- _PROVIDED RECORDS_
-- Opening Marker --

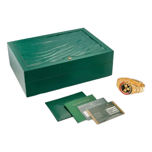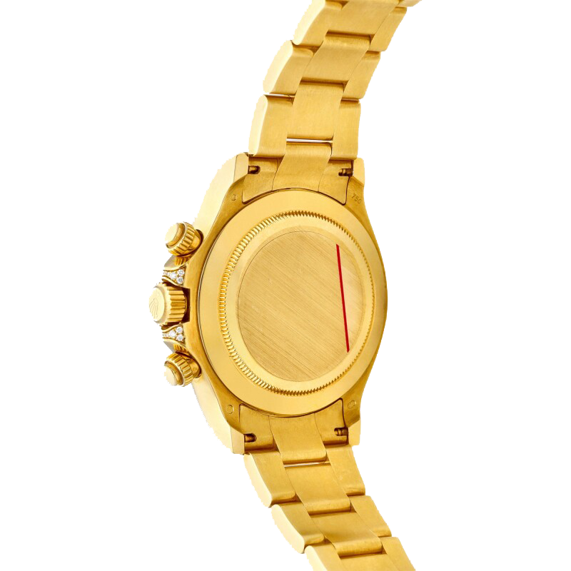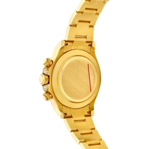 The black lacquered dial provides the perfect contrast, featuring diamond-set hour markers and yellow gold subdials with a textured finish, adding depth and elegance to the design. Powered by Rolex’s legendary chronograph movement, the Daytona offers precision timing and high performance, embodying its motorsport heritage.
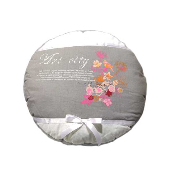 This round-shaped cushion spotlights flower and bird motifs. The stylish cushion is accented with a white ribbon bow on the front for added appeal. The quality linen cushion is ultra soft and comfortable to the touch.
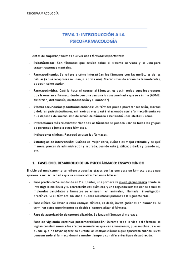 PSICOFARMACOLOGÍA TEMAS 1-3 (1º PARCIAL)
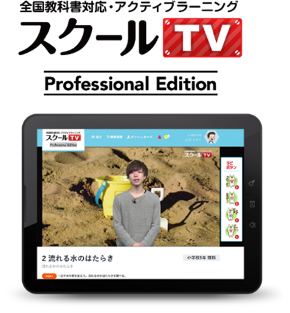 「スクールTV」は、「学習習慣の定着」を目的とし、全国の主要科目の教科書内容を網羅した小・中学生向けの動画教育サービスです。約1,000本の教科書に対応した授業動画を配信し、自ら能動的に学習する「アクティブ・ラーニング」のメソッドを日本で初めて動画内に導入しています。
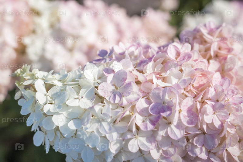 Гортензия в саду на клумбе под открытым небом. Сочное восхитительное огромное соцветие белых и розовых гортензий в саду

-- Closing Marker --

- _WHAT YOU NEED TO DO_
Starting at the line that contains "This round-shaped cushion", retype each line through the final one in the listing, with both ends kept and the pictures omitted.

- _ANSWER TO THIS PROBLEM_
 This round-shaped cushion spotlights flower and bird motifs. The stylish cushion is accented with a white ribbon bow on the front for added appeal. The quality linen cushion is ultra soft and comfortable to the touch.
 PSICOFARMACOLOGÍA TEMAS 1-3 (1º PARCIAL)
 「スクールTV」は、「学習習慣の定着」を目的とし、全国の主要科目の教科書内容を網羅した小・中学生向けの動画教育サービスです。約1,000本の教科書に対応した授業動画を配信し、自ら能動的に学習する「アクティブ・ラーニング」のメソッドを日本で初めて動画内に導入しています。
 Гортензия в саду на клумбе под открытым небом. Сочное восхитительное огромное соцветие белых и розовых гортензий в саду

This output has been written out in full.